Bütün öğretmenlerimiz; aslında bizi, Ay'ın kara geceyi aydınlattığı gibi cehaletin siyahından bilginin gökkuşağına taşıyor. Bunu yaparken yer yer kırılıyor, üzülüyor, bitkin düşüyor fakat asla ama asla yılmıyor, her daim fedakârlıkta bulunup bize gökyüzünün diğer renklerini gösteriyor. "Bana bir harf öğretenin kırk yıl kölesi olurum." demiş ya hani Hz. Ali, peki biz sadece bir harf değil, koca bir alfabeyi, dili, bilimi borçlu olduğumuz öğretmenlerimizin hakkını ödeyebilir miyiz? Ödeyemeyeceğiz fakat öğretmenlerimiz o denli merhamet ve şefkat sahibi insanlar ki bunca emeği talebeden hiçbir karşılık beklemeden sarf ediyor ve her daim haklarını helal ediyorlar.

“SENDE IŞIK GÖRÜYORUM”

Muallim, benim gözümde her zaman bir sanatçı olmuştur. Eseri ise elbette nitelikli yetişmiş öğrenciler, yani bizleriz. Öğretmenlerimiz, biz henüz geleceğimizi karanlıktan ibaret görürken bize “Sende ışık görüyorum” diyen; bize ışık tutan, önümüzü aydınlatan insanlardır. Attığımız her doğru adımda arkamızda olan, bizi destekleyen ve hepsinden önemlisi bize gerçeği gösteren; elleri öpülesi o güzel insanların, bütün öğretmenlerimizin Öğretmenler Günü kutlu olsun.

Abdurrahman Bereket

*Bu yazı, Başakşehir İlçe Milli Eğitim Müdürlüğü’nce düzenlenen “Öğretmenler Günü” konulu kompozisyon yarışmasında ilçe ikincisi olmuştur.

***

Okumak lazım

Eğitim sistemleri, genel olarak bir ülkenin yetiştirmek istediği insan tipini oluşturmaya hizmet eder ve o ülkede bu doğrultuda kurum/kuruluşlar açılır.

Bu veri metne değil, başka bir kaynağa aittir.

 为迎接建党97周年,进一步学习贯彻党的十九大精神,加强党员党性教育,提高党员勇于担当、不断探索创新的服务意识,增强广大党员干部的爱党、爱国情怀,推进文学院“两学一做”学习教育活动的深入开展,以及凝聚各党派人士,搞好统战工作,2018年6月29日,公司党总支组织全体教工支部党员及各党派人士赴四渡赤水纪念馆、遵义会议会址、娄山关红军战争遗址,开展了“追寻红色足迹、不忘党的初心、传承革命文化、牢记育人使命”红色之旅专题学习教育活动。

Günümüzdeki Türk eğitim sistemi çok eleştirilen lakin hakkında doğru aksiyon alınamamış bir mesele. Ortalama 9-10 yaşlarımızdan itibaren matematik, fen bilimleri, sosyal bilimler, İngilizce gibi mühim dersler alıyoruz lakin mezun olduktan sonra kaçımız doğru düzgün İngilizce konuşabiliyoruz? İki üç cümle konuşabildiğimiz İngilizceden bahsetmiyorum.

VERİLEN EĞİTİMİN KALİTESİ

YouTube’ta ve diğer sosyal mecralarda sosyal deney ve sokak röportajları sayesinde koca koca insanların, muhabirin “İstanbul’u kim fethetti?” sorusuna “Atatürk” ya da “Cumhuriyetin kuruluşu?” sorusuna “1765” gibi abuk subuk cevapların verilmesinden; kendi tarihini bilmeyen insanlarımız olduğunu görüyoruz. Çoğu da sözde üniversite mezunu. Bu arada artık bir üniversiteden mezun olmanın ne kadar kolay ve bu nedenle değersizleştiğini biliyor muydunuz?

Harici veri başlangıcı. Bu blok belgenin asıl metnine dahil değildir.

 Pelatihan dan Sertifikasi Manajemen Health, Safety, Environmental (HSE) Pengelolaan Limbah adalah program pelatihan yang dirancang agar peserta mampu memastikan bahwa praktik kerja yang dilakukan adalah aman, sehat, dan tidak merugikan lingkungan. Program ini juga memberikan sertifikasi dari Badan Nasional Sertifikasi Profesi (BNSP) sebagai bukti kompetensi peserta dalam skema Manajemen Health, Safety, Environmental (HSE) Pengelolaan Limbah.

Çok üniversite, çok eğitimli insan demek değildir. Herkes üniversite okumak ya da akademisyen olmak zorunda değil. Mühim olan verilen eğitimin kalitesidir. İşin özüne gelirsek kendisinin kim olduğunu, ne durumda olduğunu, ne olacağını, ne yapmak istediğini, nereye gittiğini bilmeyen bir nesil yetişiyor ve bu da gelecekte; sorgulamayan, üretmeyen bir neslin ayak sesleri anlamına geliyor.

Eğitim sistemi mevzusu açıldığında ağızdan ağıza dolaşan sakız da beraberinde geliyor.

“Finlandiya eğitim sistemi mükemmel”

“Eğitim sistemi kötü olduğu için çalışmayacağım, benim suçum yok”

“Canım Amerikam sana geliyorum.”

“Geri dönmemek üzere yurt dışına gidiyorum ve Türkiye bir mühendisini daha kaybediyor.” gibi sadece boş lakırdı yapmaktan öteye gidilemiyor çoğu zaman. Özellikle Twitter vb. mecralarda algı yönetimi boyutu da var elbet lakin orayı ayrıca ele almak istiyorum.

“YENİ MEDYA AKADEMİSİ”

Aksiyon halinde bulunmak, harekete geçmek, işe koyulmak lazım.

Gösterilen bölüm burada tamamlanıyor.